Der grosse Vorzug der Bücher von Tomáš Halík2 ist die Bodenhaftung, die diesen vielseitig gebildeten Mann auszeichnet, und die vornehme Haltung, wenn er irgendwo etwas bemängelt; immer wieder spielt auch die eigene, oft leidvolle Lebenserfahrung hinein, was zeigt, dass hier nicht vom Schreibtisch aus philosophiert wird.
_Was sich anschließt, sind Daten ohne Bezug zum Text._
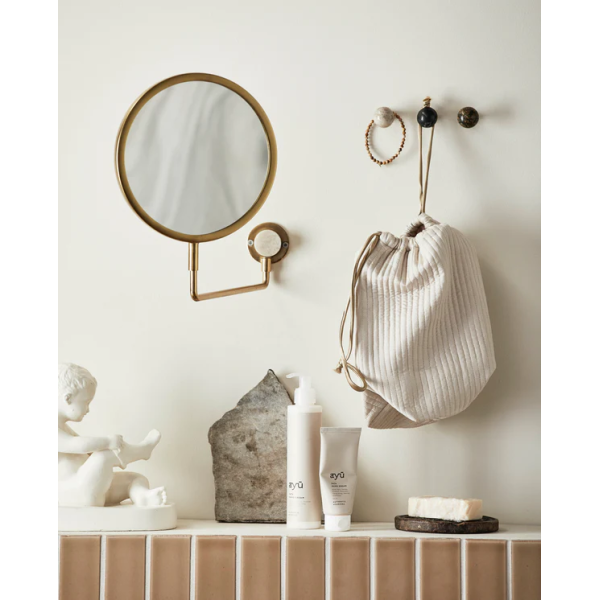 Denna vackra runda mässing Tesia väggspegel är full av delikatess. Den har en guldmetallkant med en liten detalj i ljusbrun marmor. En ganska klassisk form för att försköna väggdekor och anpassar sig perfekt till alla typer av sovrum eller badrum. Den mäter 39x2.5x27 cm.
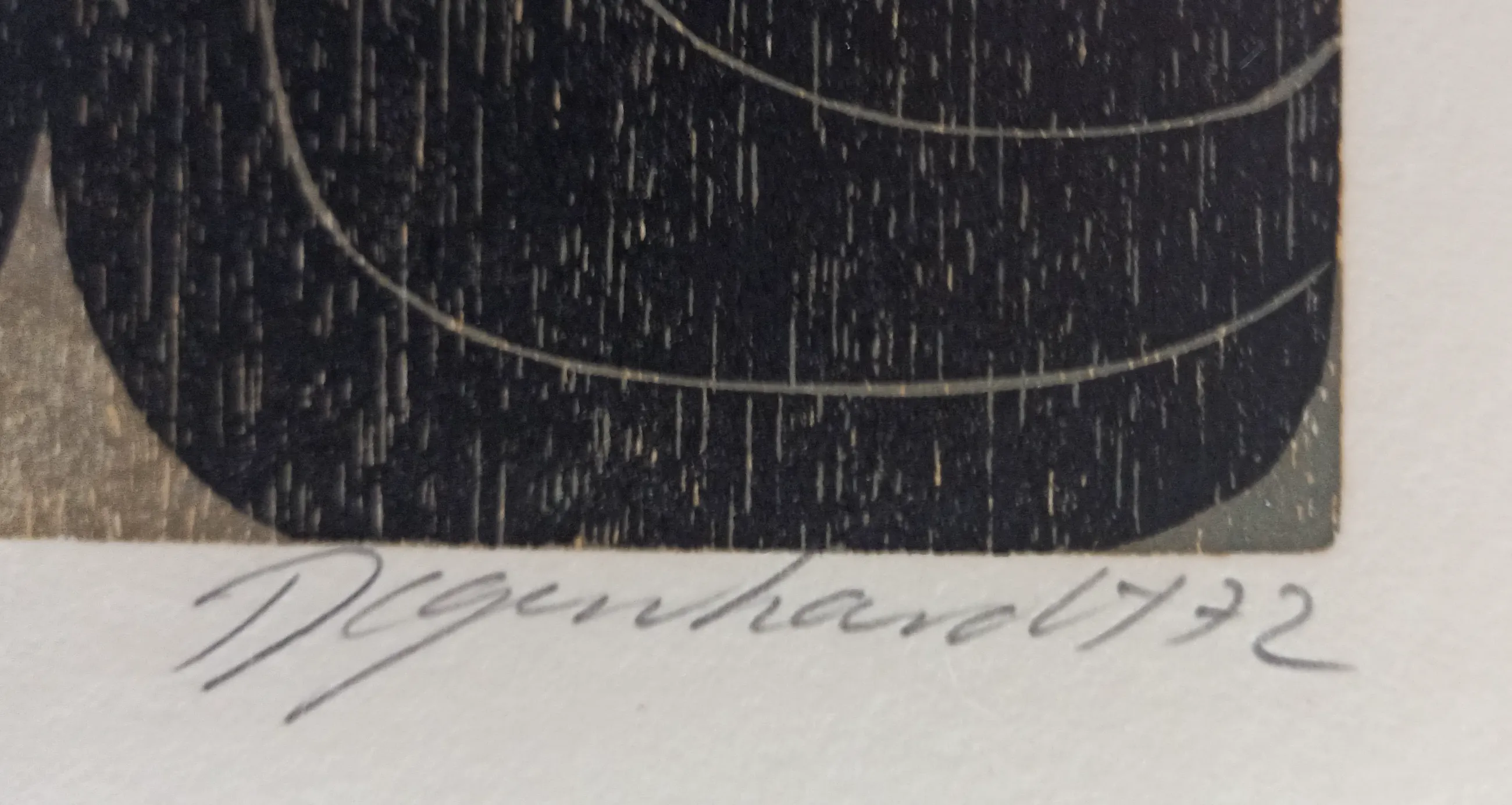 Manfred DEGENHARDT, geboren in Sigmaringen in 1940, studeerde beeldhouwkunst, grafiek en kunstgeschiedenis aan de Academie voor Schone Kunsten in Stuttgart (onder meer bij Herbert Baumann). Manfred Degenhardt werd bekend door zijn houtsneden. Degenhardt wordt beschouwd als de belangrijkste opvolger van HAP Grieshaber. Degenhardt werkt met een hoge mate van precisie en esthetische fijnheid aan het houten drukblok. De werken van Degenhardt nemen thema's over uit de oude mythologie en Keltische kunst. In het hier aangeboden blad is het onderwerp geabstraheerd. De houtsnedekunstenaar heeft onder meer geëxposeerd in Londen, New York en Chicago.
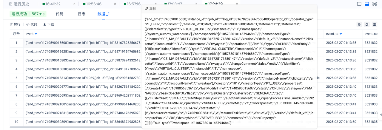 调整 select 语句,使用 parse_json 将 value 字段和其中的 event 展开:
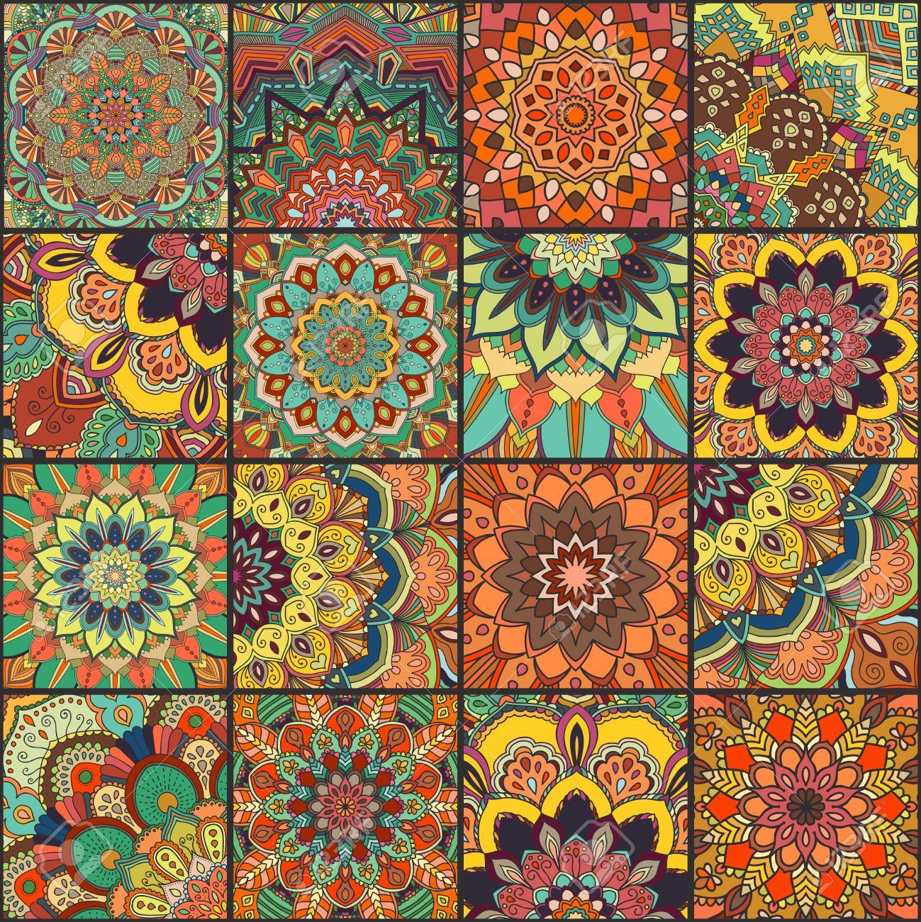 Patch Boho Flower Seamless Pattern Mandala Patchwork Oriental Design Wallpaper Furniture Textile Fabric Print Tile Deco Clipart K53128752 Fotosearch
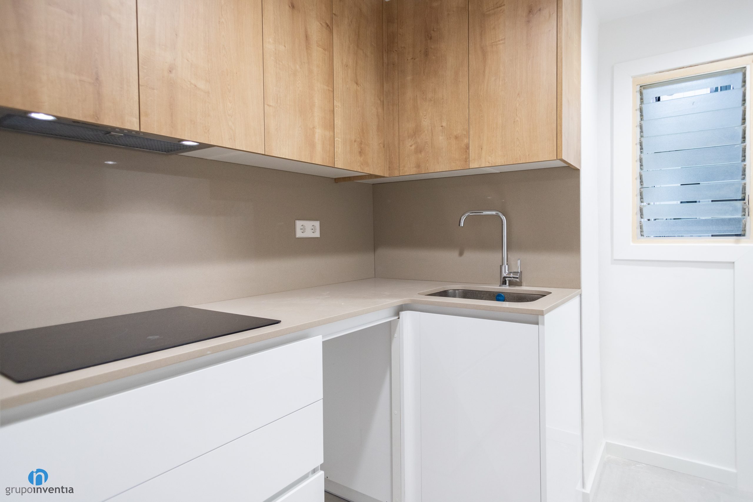 Una altra millora respecte a l’estat original d’aquesta cuina és l’ampliació de la capacitat d’emmagatzematge. Ara tant a la part inferior com superior de les taulells hi ha calaixos i armaris perquè tot quedi ben organitzat. Seguint la línia decorativa de l’habitatge també s’ha apostat per tons neutres. En aquesta reforma integral de cuina es combinen colors com el blanc, el beige i l’acabat en fusta.
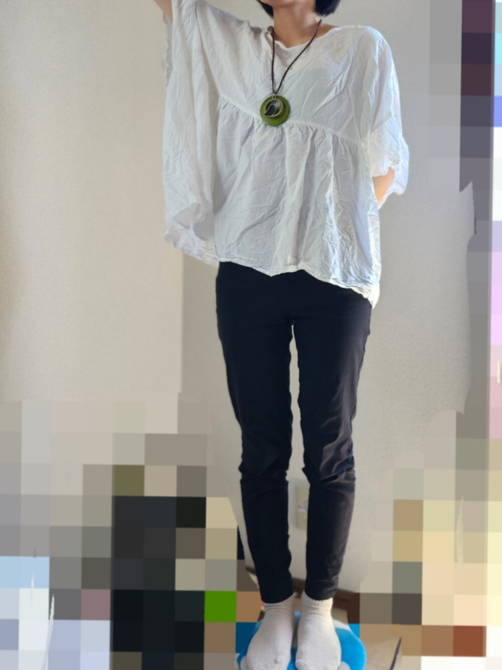 お気に入りのレギンスパンツをペプラムブラウスと合わせて清楚に動きやすく。
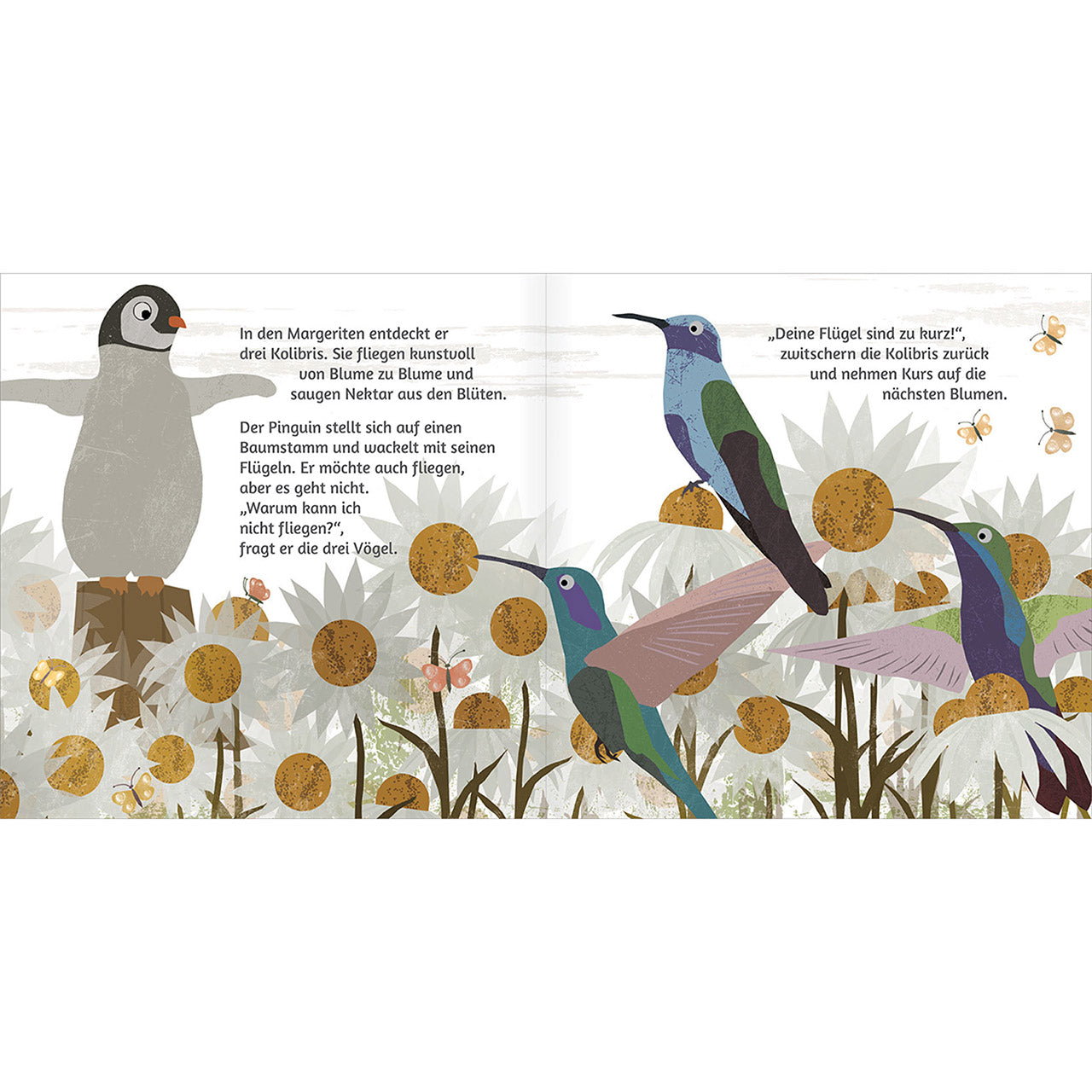 Ein kleiner Pinguin entdeckt voller Neugier die anderen Tiere seines Zoos. Dabei muss er feststellen, dass er sich mit keinem von ihnen messen kann. Traurig geht er zu seinem Schwimmbecken zurück und tut, was ihn wieder glücklich macht: Er taucht ab. Erst durch die erstaunten Gesichter der anderen Tiere, welche sich alle vor seinem Pool versammeln, wird ihm bewusst, was für ein wunderbares Talent er hat. Zufrieden erkennt er, dass es sich nicht lohnt, ständig nach den anderen zu schielen. In ihm schlummern einzigartige Fähigkeiten, die nur erkannt werden müssen.
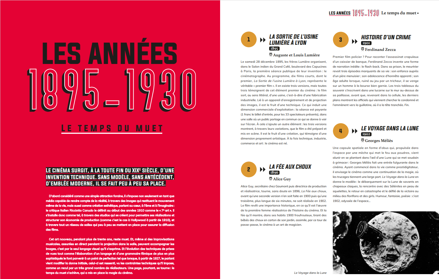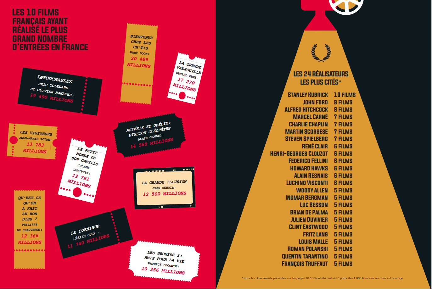 La qualité de l’édition offre un cadre particulièrement agréable à la lecture. La mise en page brille d’efficacité, et l’œil se trouve attiré par les planches aussi modernes que ludiques. Les illustrations ne prennent jamais le pas sur le contenu, mais facilitent et balisent la lecture. Concernant les quelques lignes qui accompagnent les mille films choisis, il y a peu à dire. Partant du principe qu’autant d’œuvres seraient référencées, il était difficile de faire plus qu’un paragraphe pour chacune d’elles, si synthétiques soient-ils. Cependant, Jean Serroy a le bon goût d’enrichir sa visite de l’histoire du cinéma.
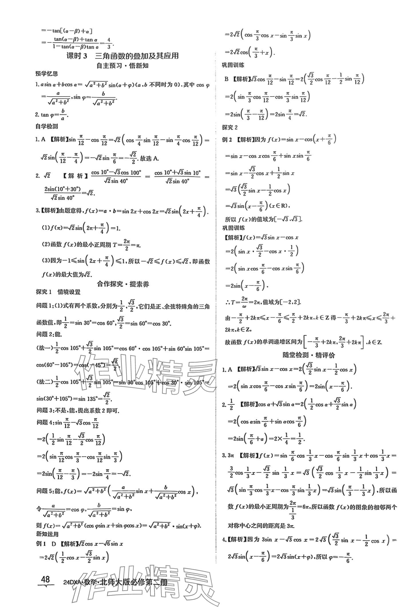 注:目前有些书本章节名称可能整理的还不是很完善,但都是按照顺序排列的,请同学们按照顺序仔细查找。练习册 2024年金太阳导学案高中数学必修第二册北师大版 答案主要是用来给同学们做完题方便对答案用的,请勿直接抄袭。
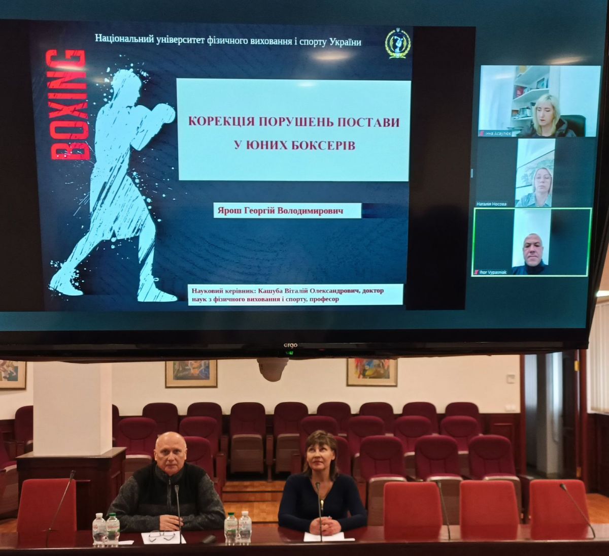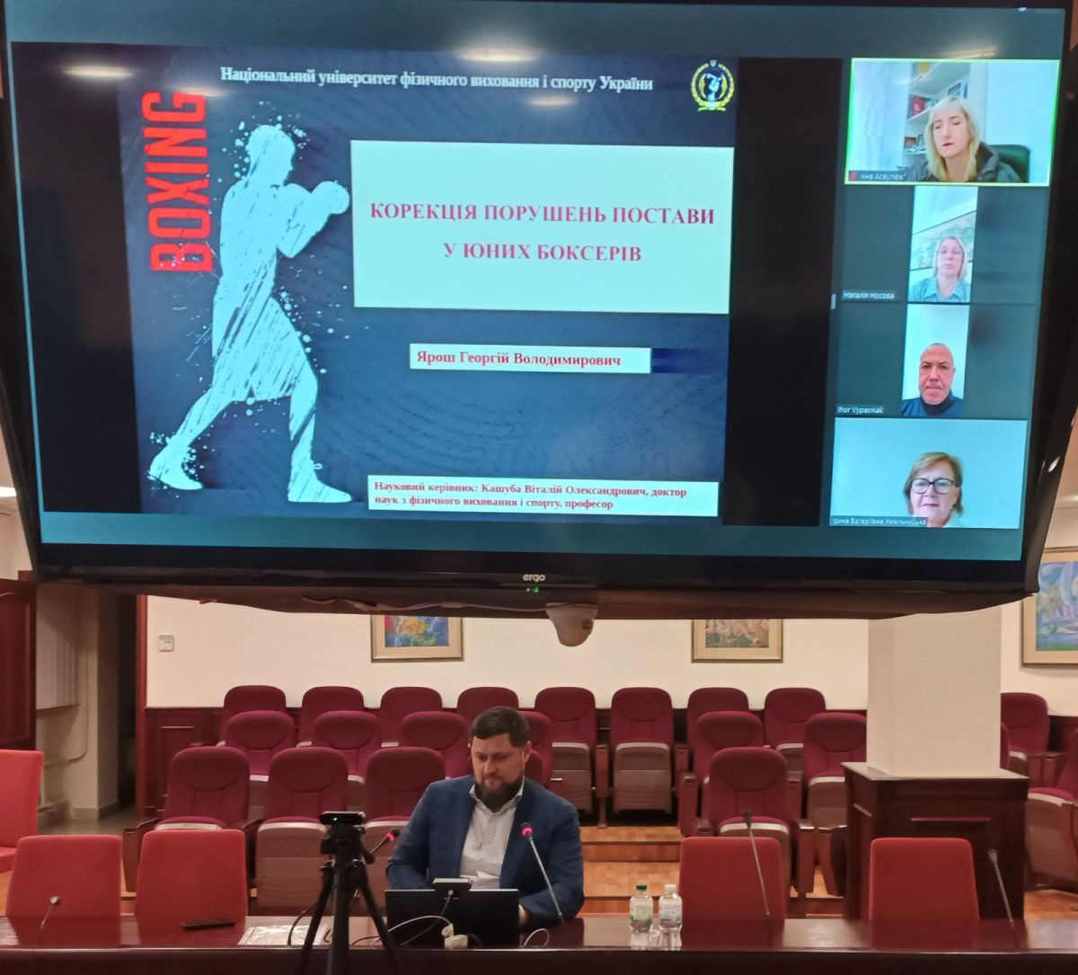 31 жовтня 2023 р. на засіданні спеціалізованої вченої ради ДФ 24.017.19 Національного університету фізичного виховання і спорту України відбувся захист дисертаційної роботи Яроша Георгія Володимировича на тему: «Корекція порушень постави у юних боксерів», поданої на здобуття ступеня доктора філософії за спеціальністю 017 Фізична культура і спорт.
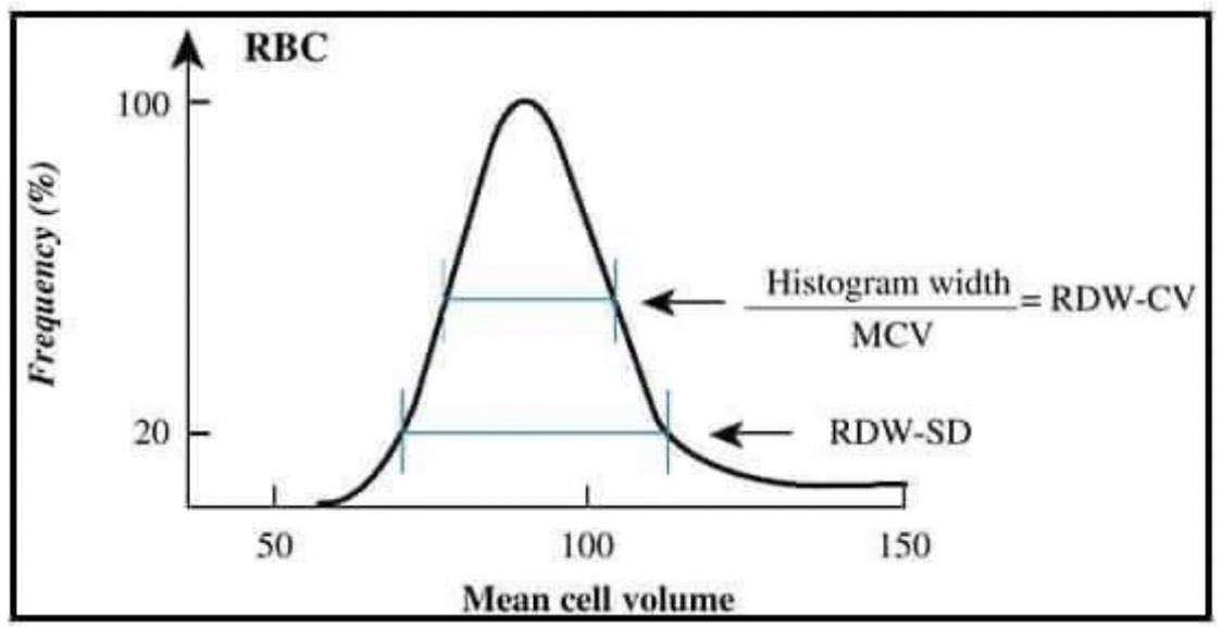 (RDW-SD) او (RDW- Standard deviation) و هذه قيمة بتتقاس مباشرة من على هيستوجرام كرات الدم الحمراء (عند 20% من كرات الدم) اي ان الجهاز بيشوف اصغر حجم تم قياسه ل 20% من كرات الدم الموجودة و بيشوف اكبر حجم تم قياسه ل 20% من

1 Tomáš Halík: Nicht ohne Hoffnung. Glaube im postoptimistischen Zeitalter. Aus dem Tschechischen von Markéta Barth unter Mitarbeit von Benedikt Barth. (Verlag Herder) Freiburg-Basel-Wien 2014, 254 Seiten

1 Rezensionen von Iso Baumer über Bücher von Tomáš Halík: "Geduld mit Gott", in: SKZ 180 (2012), Nr. 29–30, 493 f., und: "Berühre die Wunden", in: forum (Zürich) 23/2013, 7, sowie: "Alle meine Wege sind DIR vertraut", in: SKZ 182 (2014), Nr. 25, 361 f.

Iso Baumer

Iso Baumer

Dr. Iso Baumer, geboren 1929 in St. Gallen, studierte Sprach- und Literaturwissenschaft und war als Gymnasiallehrer in Bern und Lehrbeauftragter für Ostkirchenkunde an der Universität Freiburg (Schweiz) tätig. Er befasste sich früh mit Theologie und verfasste viele Publikationen zur westlichen und östlichen Kirchengeschichte (religiöse Volkskunde, Ostkirchenkunde).